How much was the economy of Romania by the War in Ukraine, according to an NBR analysis

The National Bank of Romania (BNR) has performed an analysis that shows the effects of Russia's large -scale invasion in Ukraine, triggered in February 2022, on economies in the region.

Photo: Profimedia
The report focuses on the economic situation in Bulgaria, Czech Republic, Hungary, Poland and Romania.
Thus, the simulations realized shows that, by the end of 2022, the conflict contributed to increased inflation by approximately 1.1 percentage points and to lower GDP by up to 1.4 percentage points, compared to a hypothetical scenario in which the war would not take place, notes Profit.ro, which cites HotNews.
By the end of 2022, the war led to an increase in inflation by about 1.1 percentage points and a decrease in GDP by up to 1.4 percentage points, compared to a hypothetical free scenario.
In addition to the huge human losses and materials in Ukraine, the war also caused a major energy shock in the region, after Russia interrupted gas deliveries to the EU. The effects have spread throughout the regional economy, affecting consumption, production and exports.
“The results of the simulations indicate that, by the end of 2022, the conflict caused an increase in the inflation rate by approximately 1.1 percentage points and a decrease of the GDP by up to 1.4 percentage points, compared to a hypothetical scenario in which the war would not take place. The analysis shows a relatively more pronounced impact on the economies in Central and Eastern Europe compared to those in Western Europe. The result can be attributed to the structural vulnerabilities specific to the region and, at the same time, by geographical proximity to the conflict area, factors that have amplified the volatility of macroeconomic indicators.“, It is shown in the report of the National Bank, signed by Daniel Dăianu (Fiscal Council), Tudor Grosu (Dir. Modeling Directorate and Macroeconomic Forecasts- BNR), Andrei Neacșu (economist within the same Directorate of BNR), Andrei Tanase (economist, Modeling and Macroeconomic Prognosis Directorate) and Radu Vrânceanu School, Thema).
Thus, the economy of Romania lost 4.1 billion euros in 2022, 4.8 billion euros in 2023 and almost 5.5 billion euros last year (not by inflation), from the value of the economy (GDP), according to ProTV calculations based on the official data provided by the Ministry of Finance.
The total, thus, reaches a smaller GDP last year with over 14 billion euros compared to as much as it could. As the state's revenues as a weight in GDP are around 27-29% of GDP, it turns out that the actual income would have been, with almost 5 billion euros higher if the Russian Federation had not invaded Ukraine.
The analysis also compares the impact of the Ukraine war on the economies of Bulgaria, Poland and Romania, which have faced similar challenges: a massive influx of refugees, disturbances of the supply chains and an increase of the investors' aversion due to the proximity to the conflict area.

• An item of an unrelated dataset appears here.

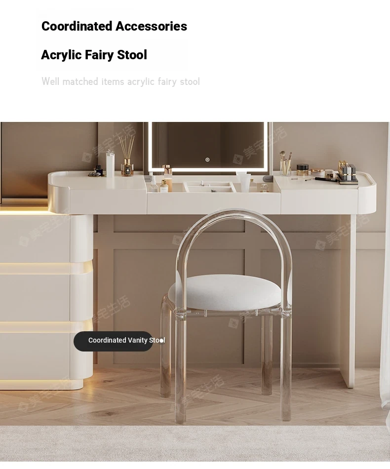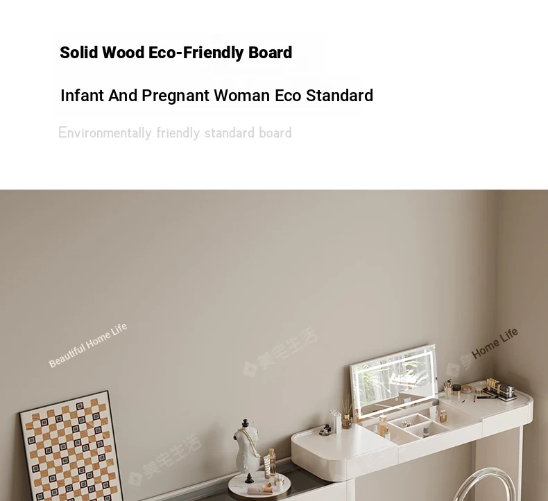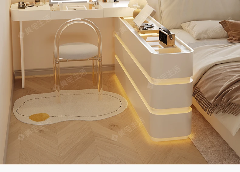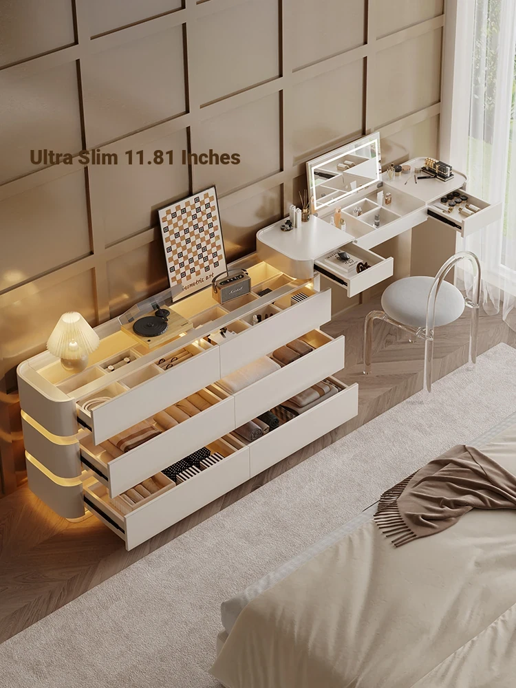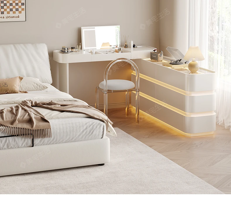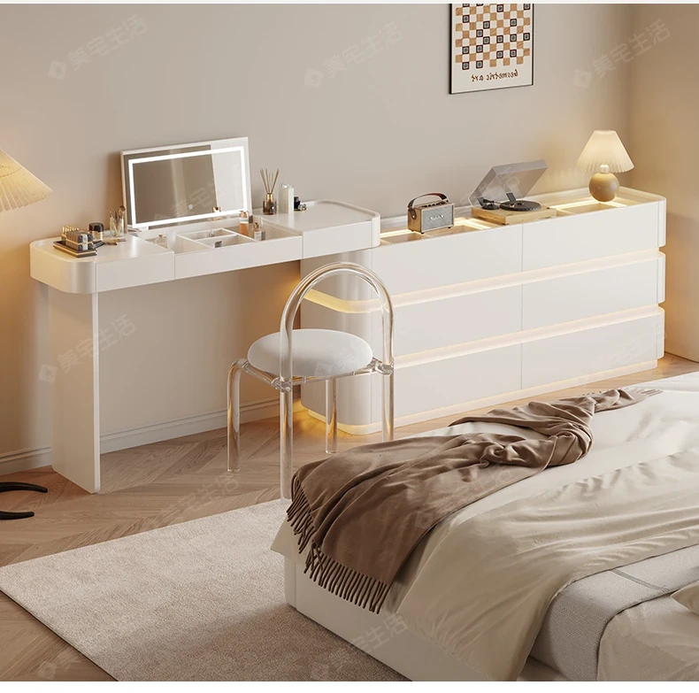 Creamy White Solid Wood Vanity Dresser | Modern Minimalist Bedroom Design with Integrated Chest of Drawers for Compact Spaces | New 2025 Model

On the other hand, countries like the Czech Republic and Hungary, used as a control group, were less directly affected, with a greater distance from Ukraine.
As an effect of the war, prices of raw materials increased significantly: oil by 18.3% and natural gas by 34.2%, the latter reacting stronger. Regarding the economic impact, GDP has decreased both in Romania and in the US, but more pronounced in Romania, with about 4 percentage points, compared to a decrease of about 2 percentage points in the US.
At the end of May, Foreign Minister Emil Hurezeanu, blamed the “peak changes” suffered by the Government because Romania delayed the payment of the contribution to the EU fund that supports Ukraine, worth 18.6 million euros.